Collected data:
BEGIN
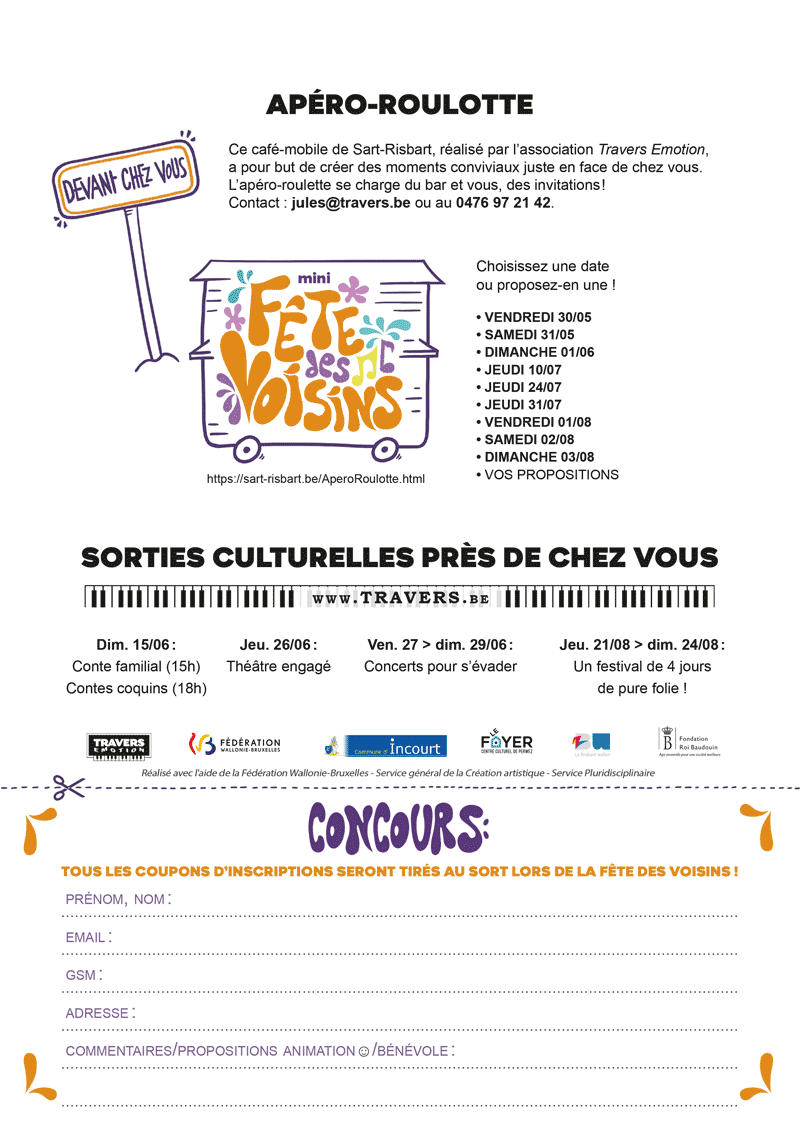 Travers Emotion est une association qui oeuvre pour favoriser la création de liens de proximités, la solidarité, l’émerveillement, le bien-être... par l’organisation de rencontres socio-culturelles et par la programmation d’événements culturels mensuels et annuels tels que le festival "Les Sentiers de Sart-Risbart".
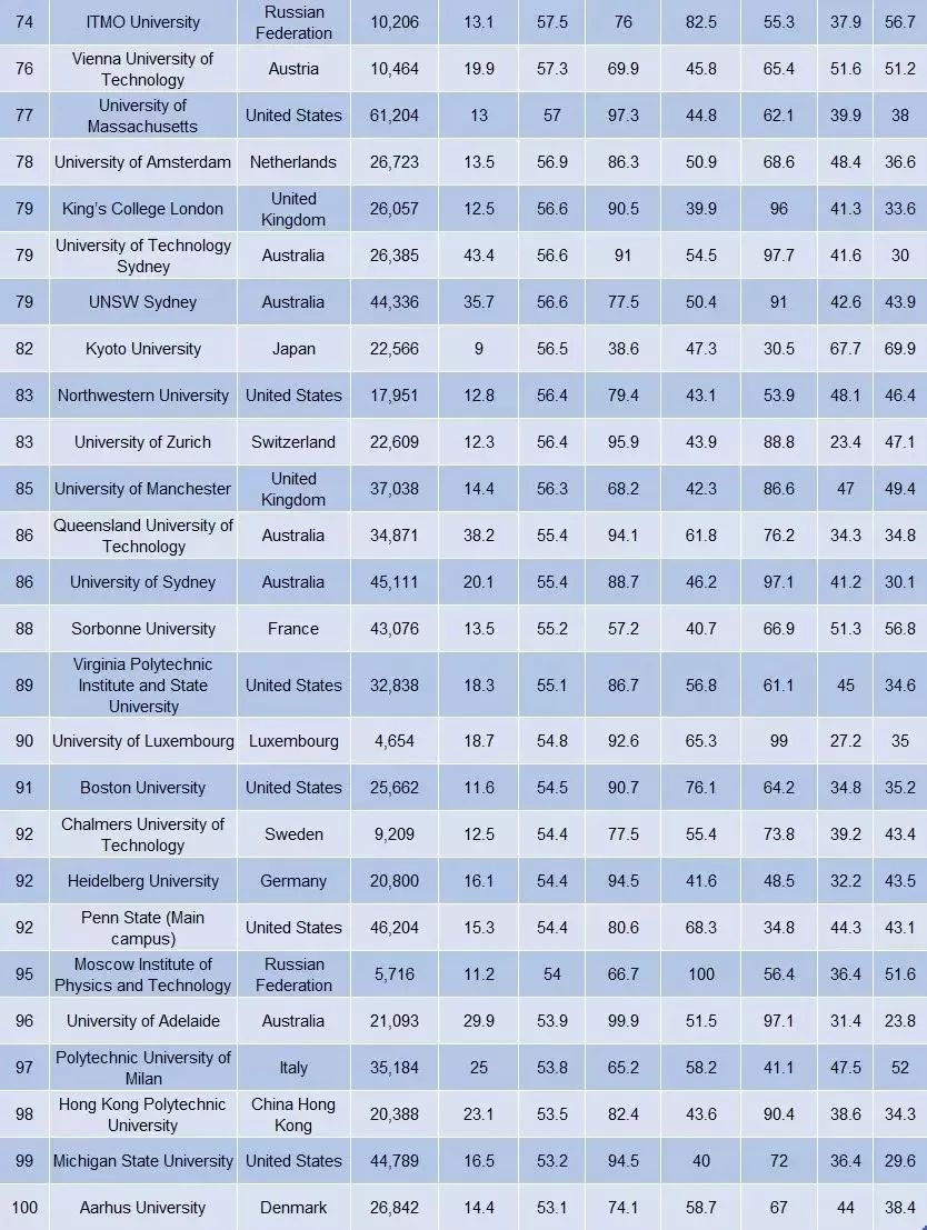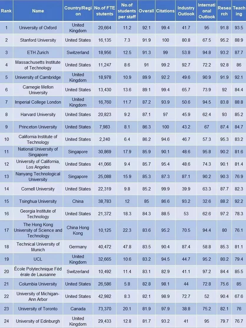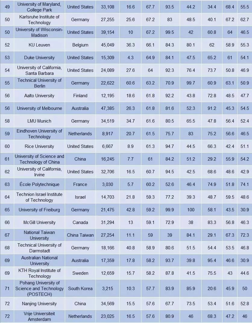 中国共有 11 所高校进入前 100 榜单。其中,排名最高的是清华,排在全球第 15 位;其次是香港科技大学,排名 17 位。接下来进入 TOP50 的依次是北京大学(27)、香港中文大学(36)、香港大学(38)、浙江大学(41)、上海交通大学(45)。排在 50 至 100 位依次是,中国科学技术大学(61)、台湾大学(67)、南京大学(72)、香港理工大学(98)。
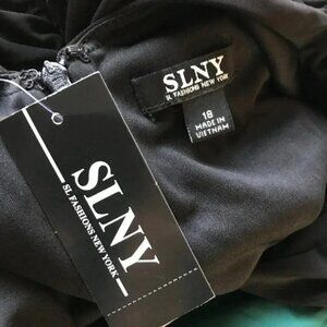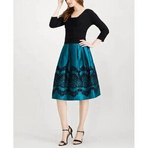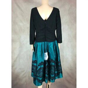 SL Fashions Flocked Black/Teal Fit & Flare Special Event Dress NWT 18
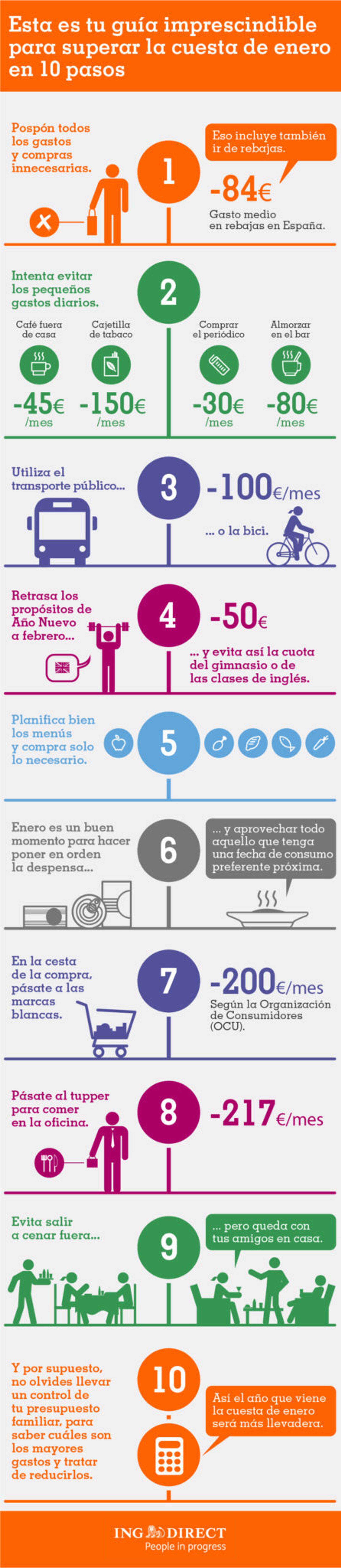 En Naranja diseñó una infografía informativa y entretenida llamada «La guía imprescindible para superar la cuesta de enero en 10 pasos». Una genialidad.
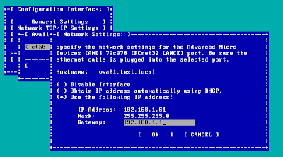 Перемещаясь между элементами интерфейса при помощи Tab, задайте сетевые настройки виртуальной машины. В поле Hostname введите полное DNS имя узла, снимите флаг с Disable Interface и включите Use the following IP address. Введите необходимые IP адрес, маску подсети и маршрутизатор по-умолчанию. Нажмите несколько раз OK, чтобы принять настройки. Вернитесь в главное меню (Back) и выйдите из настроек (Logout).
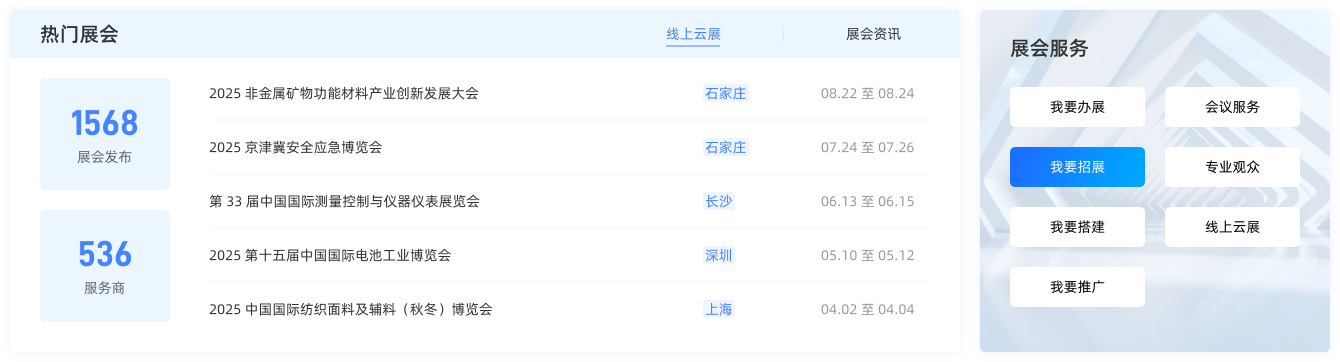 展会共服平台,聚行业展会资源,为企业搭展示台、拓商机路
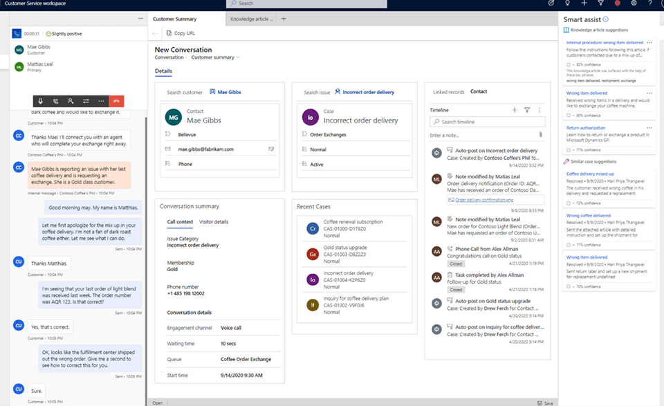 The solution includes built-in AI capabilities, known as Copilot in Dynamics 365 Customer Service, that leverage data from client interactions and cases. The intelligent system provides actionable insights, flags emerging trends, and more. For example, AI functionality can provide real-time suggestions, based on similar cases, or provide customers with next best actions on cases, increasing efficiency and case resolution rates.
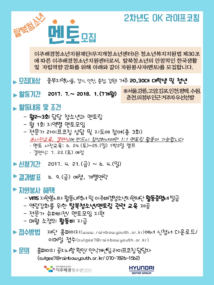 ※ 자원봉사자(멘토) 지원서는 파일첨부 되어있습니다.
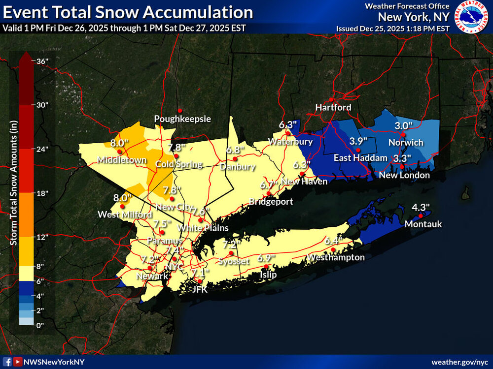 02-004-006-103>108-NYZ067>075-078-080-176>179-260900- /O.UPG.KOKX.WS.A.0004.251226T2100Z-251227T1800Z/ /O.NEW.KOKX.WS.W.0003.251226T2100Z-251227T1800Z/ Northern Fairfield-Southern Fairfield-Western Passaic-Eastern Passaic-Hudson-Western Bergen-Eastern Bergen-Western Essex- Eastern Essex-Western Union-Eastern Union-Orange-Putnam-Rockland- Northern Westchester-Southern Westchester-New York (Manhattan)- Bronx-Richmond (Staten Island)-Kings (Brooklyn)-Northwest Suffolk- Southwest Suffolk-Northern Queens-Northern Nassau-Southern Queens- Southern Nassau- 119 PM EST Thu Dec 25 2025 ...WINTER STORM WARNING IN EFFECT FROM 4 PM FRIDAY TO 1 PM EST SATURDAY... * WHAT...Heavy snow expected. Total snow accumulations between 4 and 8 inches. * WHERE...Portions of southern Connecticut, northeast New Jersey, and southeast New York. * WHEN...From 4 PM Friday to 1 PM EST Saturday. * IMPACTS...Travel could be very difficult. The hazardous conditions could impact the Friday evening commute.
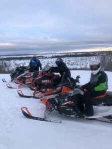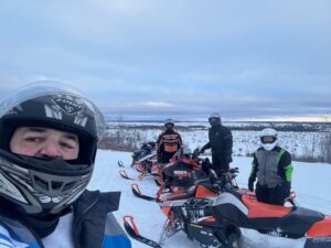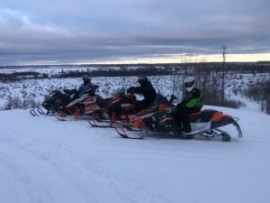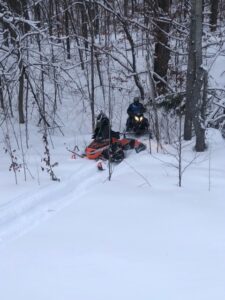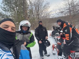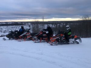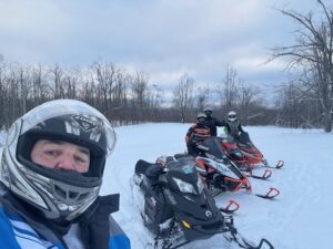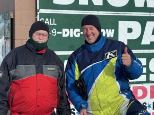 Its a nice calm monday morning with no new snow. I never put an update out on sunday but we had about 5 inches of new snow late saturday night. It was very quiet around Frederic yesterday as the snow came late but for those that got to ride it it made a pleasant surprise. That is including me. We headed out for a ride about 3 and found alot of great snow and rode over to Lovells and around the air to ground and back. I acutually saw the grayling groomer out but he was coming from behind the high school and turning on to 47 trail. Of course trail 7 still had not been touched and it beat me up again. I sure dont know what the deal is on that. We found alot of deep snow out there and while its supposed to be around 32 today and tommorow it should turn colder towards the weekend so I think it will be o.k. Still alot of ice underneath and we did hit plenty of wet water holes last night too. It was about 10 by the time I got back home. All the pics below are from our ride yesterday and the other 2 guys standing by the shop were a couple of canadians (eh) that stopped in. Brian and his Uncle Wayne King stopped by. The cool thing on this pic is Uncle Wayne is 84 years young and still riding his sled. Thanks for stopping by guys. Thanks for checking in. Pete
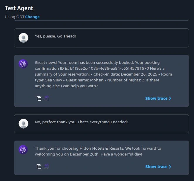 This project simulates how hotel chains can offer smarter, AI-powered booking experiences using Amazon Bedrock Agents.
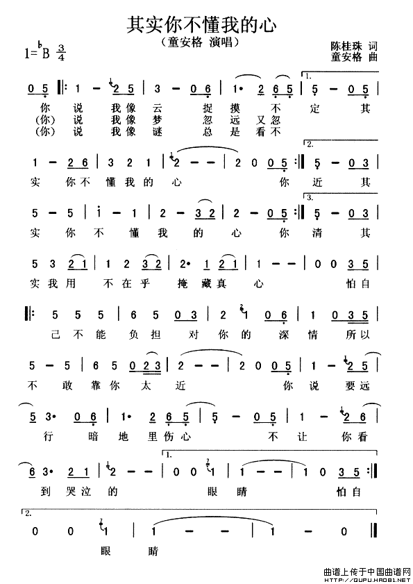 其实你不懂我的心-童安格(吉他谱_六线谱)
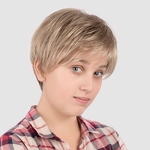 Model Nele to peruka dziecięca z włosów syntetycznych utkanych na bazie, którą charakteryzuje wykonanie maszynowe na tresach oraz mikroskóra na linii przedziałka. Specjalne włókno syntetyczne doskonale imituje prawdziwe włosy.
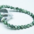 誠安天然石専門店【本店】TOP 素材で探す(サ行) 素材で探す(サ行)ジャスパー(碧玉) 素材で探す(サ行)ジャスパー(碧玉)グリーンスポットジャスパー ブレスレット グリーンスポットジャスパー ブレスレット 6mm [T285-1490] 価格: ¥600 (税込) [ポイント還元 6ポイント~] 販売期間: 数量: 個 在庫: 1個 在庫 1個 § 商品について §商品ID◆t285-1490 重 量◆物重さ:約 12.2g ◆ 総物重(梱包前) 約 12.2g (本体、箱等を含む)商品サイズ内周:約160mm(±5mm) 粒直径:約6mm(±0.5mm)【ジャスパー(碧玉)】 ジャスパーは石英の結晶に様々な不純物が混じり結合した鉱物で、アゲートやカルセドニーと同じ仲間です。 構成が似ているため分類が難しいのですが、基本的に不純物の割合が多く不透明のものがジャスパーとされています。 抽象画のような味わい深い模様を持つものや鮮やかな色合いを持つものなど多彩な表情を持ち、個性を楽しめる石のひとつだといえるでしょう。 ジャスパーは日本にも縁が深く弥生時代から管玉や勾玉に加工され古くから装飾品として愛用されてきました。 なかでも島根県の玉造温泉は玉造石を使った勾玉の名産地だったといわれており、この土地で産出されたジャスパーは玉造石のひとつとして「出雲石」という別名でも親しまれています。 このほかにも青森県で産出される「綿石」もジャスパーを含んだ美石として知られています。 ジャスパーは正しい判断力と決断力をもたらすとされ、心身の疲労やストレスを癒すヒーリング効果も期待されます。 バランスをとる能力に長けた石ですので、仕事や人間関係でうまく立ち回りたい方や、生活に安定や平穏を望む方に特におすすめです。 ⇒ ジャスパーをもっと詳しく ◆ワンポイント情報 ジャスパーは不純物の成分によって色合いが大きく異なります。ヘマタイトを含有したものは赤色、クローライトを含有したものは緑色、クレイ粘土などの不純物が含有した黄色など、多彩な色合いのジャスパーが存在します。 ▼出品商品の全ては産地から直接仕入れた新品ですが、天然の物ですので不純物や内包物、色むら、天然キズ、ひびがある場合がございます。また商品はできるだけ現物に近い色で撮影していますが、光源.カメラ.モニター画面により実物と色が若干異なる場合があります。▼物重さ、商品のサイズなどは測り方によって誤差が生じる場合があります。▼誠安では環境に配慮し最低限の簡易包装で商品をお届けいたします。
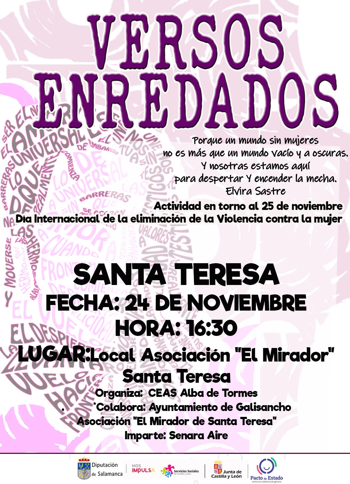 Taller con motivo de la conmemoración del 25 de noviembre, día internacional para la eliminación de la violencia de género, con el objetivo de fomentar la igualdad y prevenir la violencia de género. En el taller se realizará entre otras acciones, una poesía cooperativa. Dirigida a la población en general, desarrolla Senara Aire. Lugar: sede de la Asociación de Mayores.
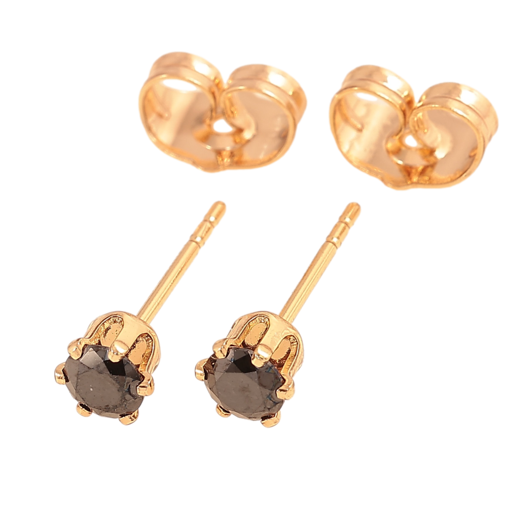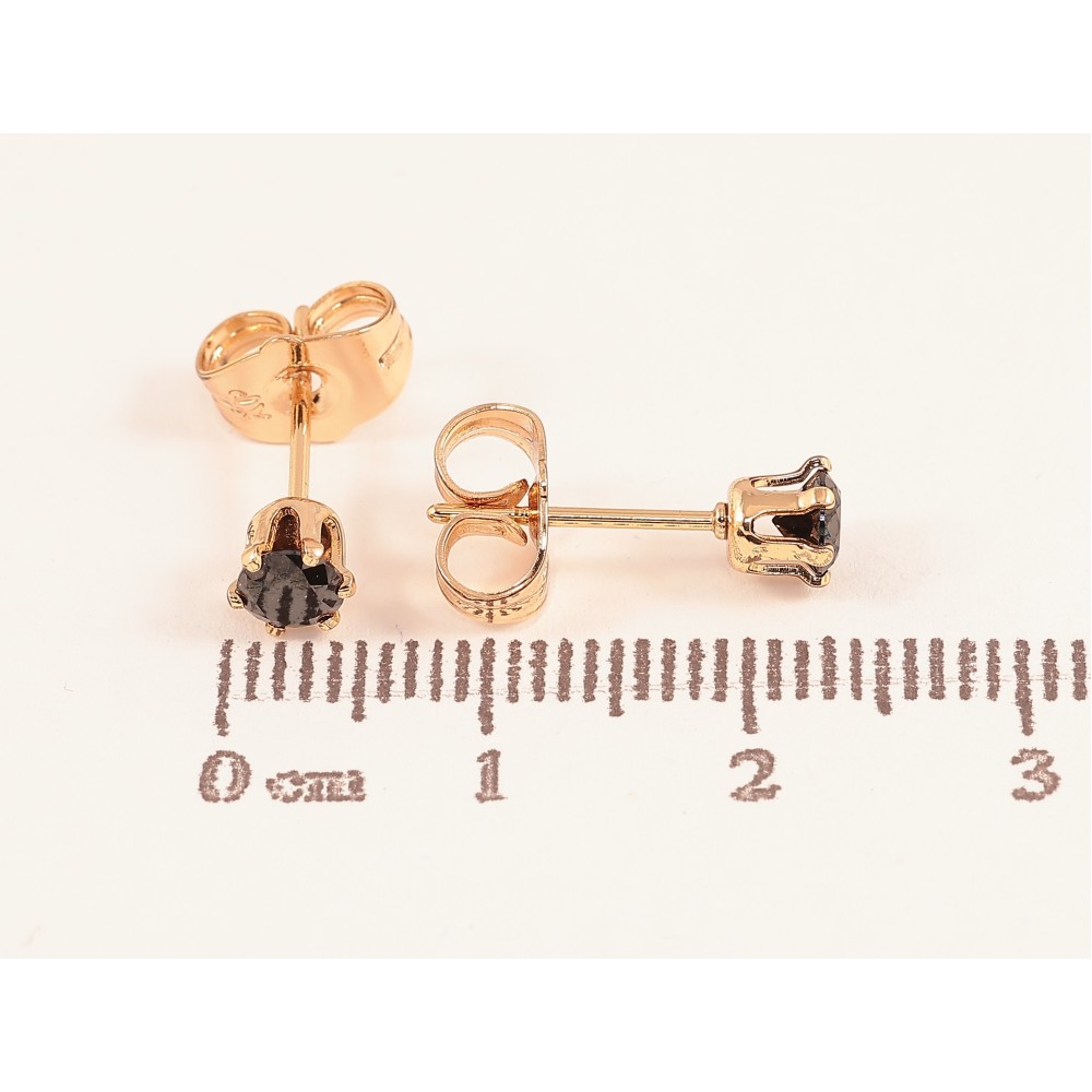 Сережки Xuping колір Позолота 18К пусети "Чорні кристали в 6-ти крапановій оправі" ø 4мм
END
→ How to complete this task: Print nothing except the lines above from the one containing "中国共有 11 所高校进入前" down to the one containing "지원서는 파일첨부 되어있습니다.", both included, exactly as written and free of pictures.

→ Exercise output:
 中国共有 11 所高校进入前 100 榜单。其中,排名最高的是清华,排在全球第 15 位;其次是香港科技大学,排名 17 位。接下来进入 TOP50 的依次是北京大学(27)、香港中文大学(36)、香港大学(38)、浙江大学(41)、上海交通大学(45)。排在 50 至 100 位依次是,中国科学技术大学(61)、台湾大学(67)、南京大学(72)、香港理工大学(98)。
 SL Fashions Flocked Black/Teal Fit & Flare Special Event Dress NWT 18
 En Naranja diseñó una infografía informativa y entretenida llamada «La guía imprescindible para superar la cuesta de enero en 10 pasos». Una genialidad.
 Перемещаясь между элементами интерфейса при помощи Tab, задайте сетевые настройки виртуальной машины. В поле Hostname введите полное DNS имя узла, снимите флаг с Disable Interface и включите Use the following IP address. Введите необходимые IP адрес, маску подсети и маршрутизатор по-умолчанию. Нажмите несколько раз OK, чтобы принять настройки. Вернитесь в главное меню (Back) и выйдите из настроек (Logout).
 展会共服平台,聚行业展会资源,为企业搭展示台、拓商机路
 The solution includes built-in AI capabilities, known as Copilot in Dynamics 365 Customer Service, that leverage data from client interactions and cases. The intelligent system provides actionable insights, flags emerging trends, and more. For example, AI functionality can provide real-time suggestions, based on similar cases, or provide customers with next best actions on cases, increasing efficiency and case resolution rates.
 ※ 자원봉사자(멘토) 지원서는 파일첨부 되어있습니다.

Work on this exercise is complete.